┌──

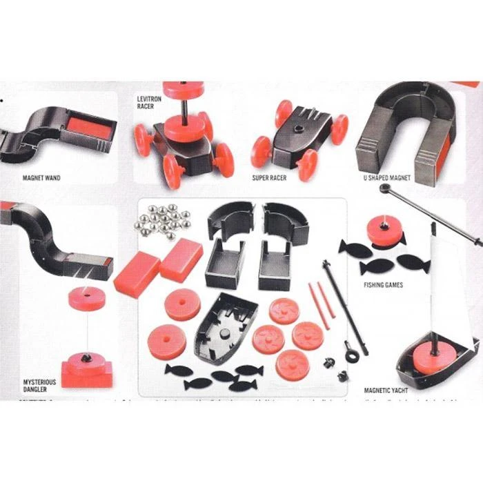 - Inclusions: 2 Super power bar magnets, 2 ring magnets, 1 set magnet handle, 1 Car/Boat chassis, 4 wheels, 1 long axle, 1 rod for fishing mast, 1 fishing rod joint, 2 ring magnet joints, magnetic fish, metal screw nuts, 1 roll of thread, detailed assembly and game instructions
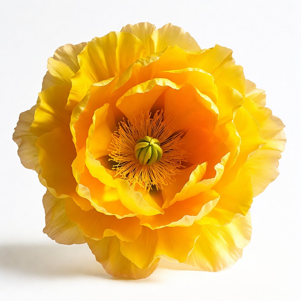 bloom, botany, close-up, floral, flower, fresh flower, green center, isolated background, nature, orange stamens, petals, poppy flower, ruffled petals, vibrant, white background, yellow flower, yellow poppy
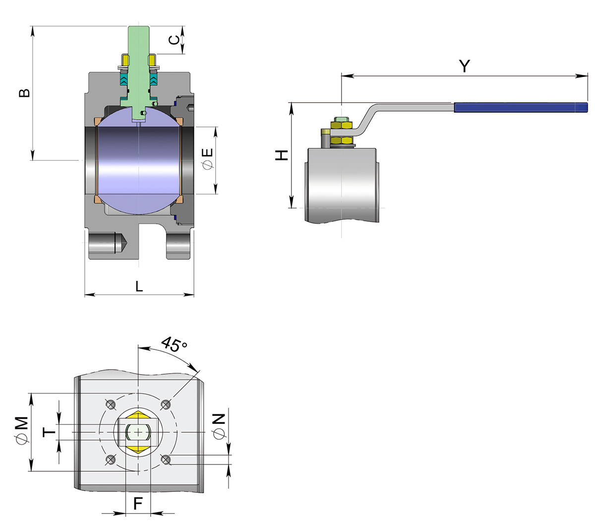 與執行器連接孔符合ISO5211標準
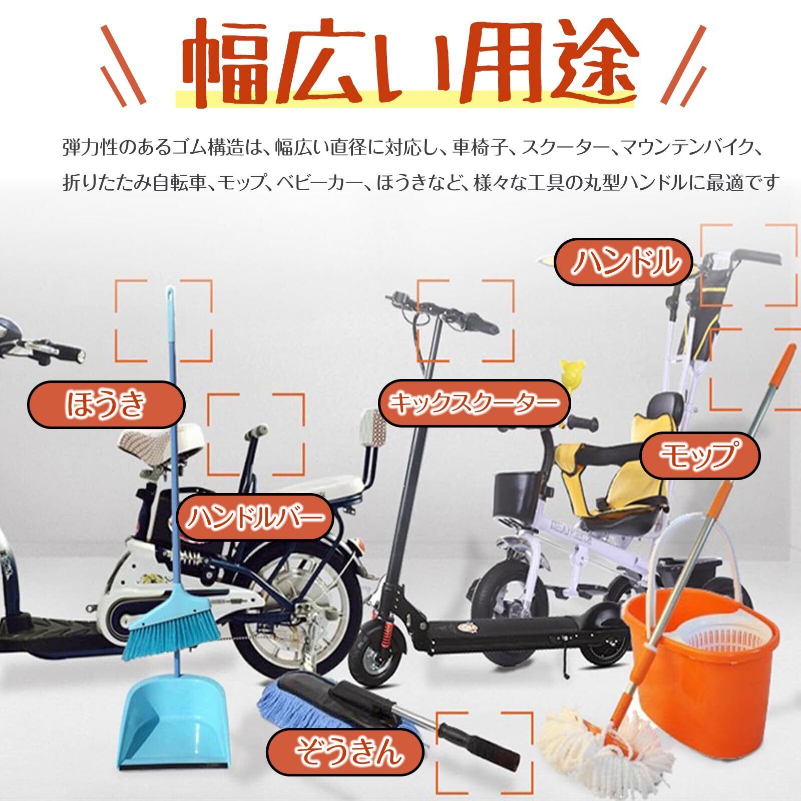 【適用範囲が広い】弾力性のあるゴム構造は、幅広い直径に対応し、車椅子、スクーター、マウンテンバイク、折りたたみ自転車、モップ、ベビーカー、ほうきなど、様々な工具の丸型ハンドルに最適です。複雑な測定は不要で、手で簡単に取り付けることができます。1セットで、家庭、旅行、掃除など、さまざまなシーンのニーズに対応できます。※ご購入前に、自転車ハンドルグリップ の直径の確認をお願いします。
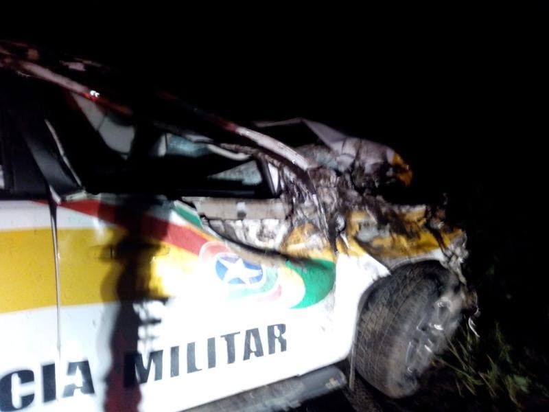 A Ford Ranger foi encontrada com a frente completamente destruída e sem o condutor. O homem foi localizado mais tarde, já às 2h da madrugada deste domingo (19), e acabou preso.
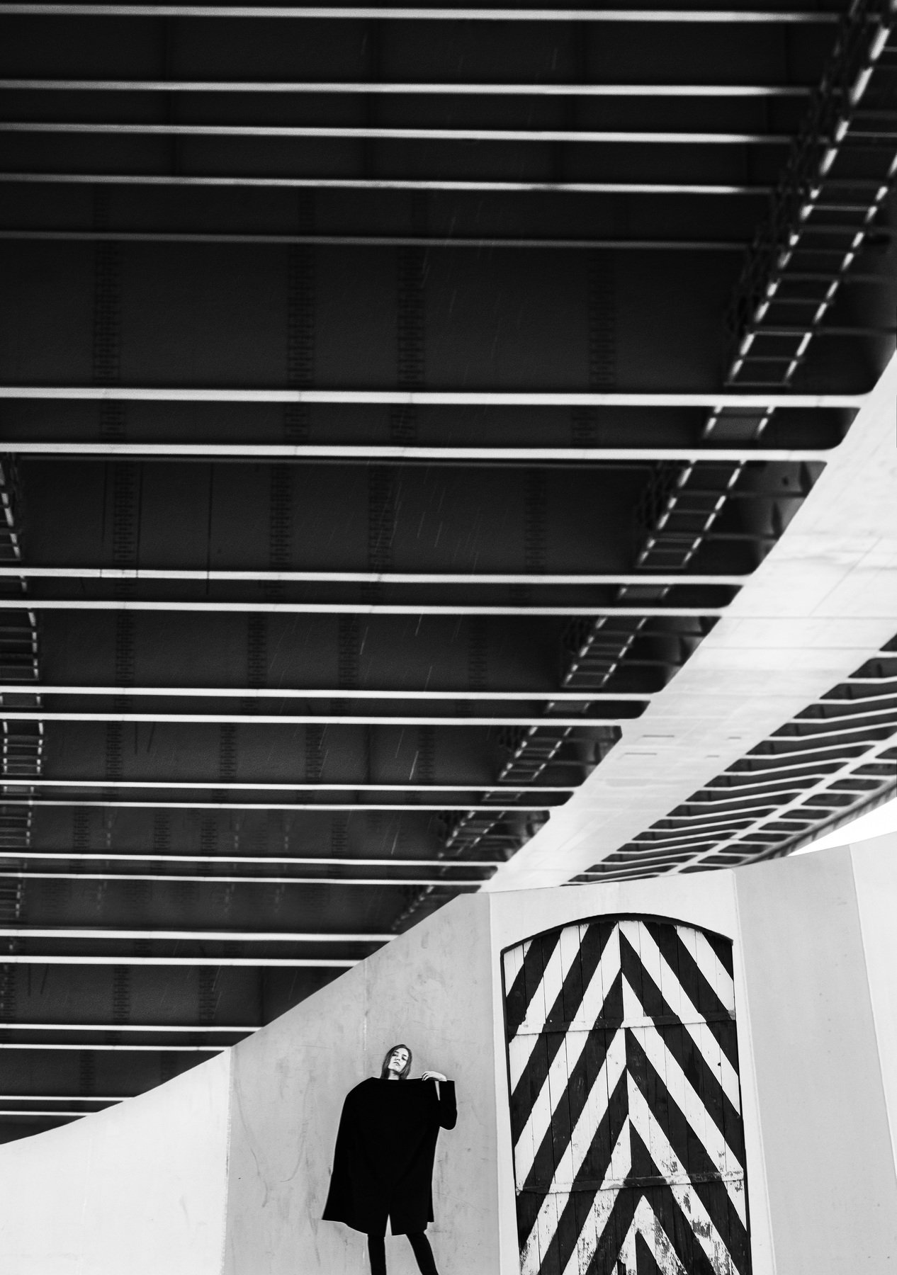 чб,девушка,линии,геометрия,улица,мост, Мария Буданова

└──

Restate, word for word, each line from the line containing "bloom, botany, close-up, floral, flower, fresh" through the end of the entries above; the pictures are not part of the copy.

Exercise solution
 bloom, botany, close-up, floral, flower, fresh flower, green center, isolated background, nature, orange stamens, petals, poppy flower, ruffled petals, vibrant, white background, yellow flower, yellow poppy
 與執行器連接孔符合ISO5211標準
 【適用範囲が広い】弾力性のあるゴム構造は、幅広い直径に対応し、車椅子、スクーター、マウンテンバイク、折りたたみ自転車、モップ、ベビーカー、ほうきなど、様々な工具の丸型ハンドルに最適です。複雑な測定は不要で、手で簡単に取り付けることができます。1セットで、家庭、旅行、掃除など、さまざまなシーンのニーズに対応できます。※ご購入前に、自転車ハンドルグリップ の直径の確認をお願いします。
 A Ford Ranger foi encontrada com a frente completamente destruída e sem o condutor. O homem foi localizado mais tarde, já às 2h da madrugada deste domingo (19), e acabou preso.
 чб,девушка,линии,геометрия,улица,мост, Мария Буданова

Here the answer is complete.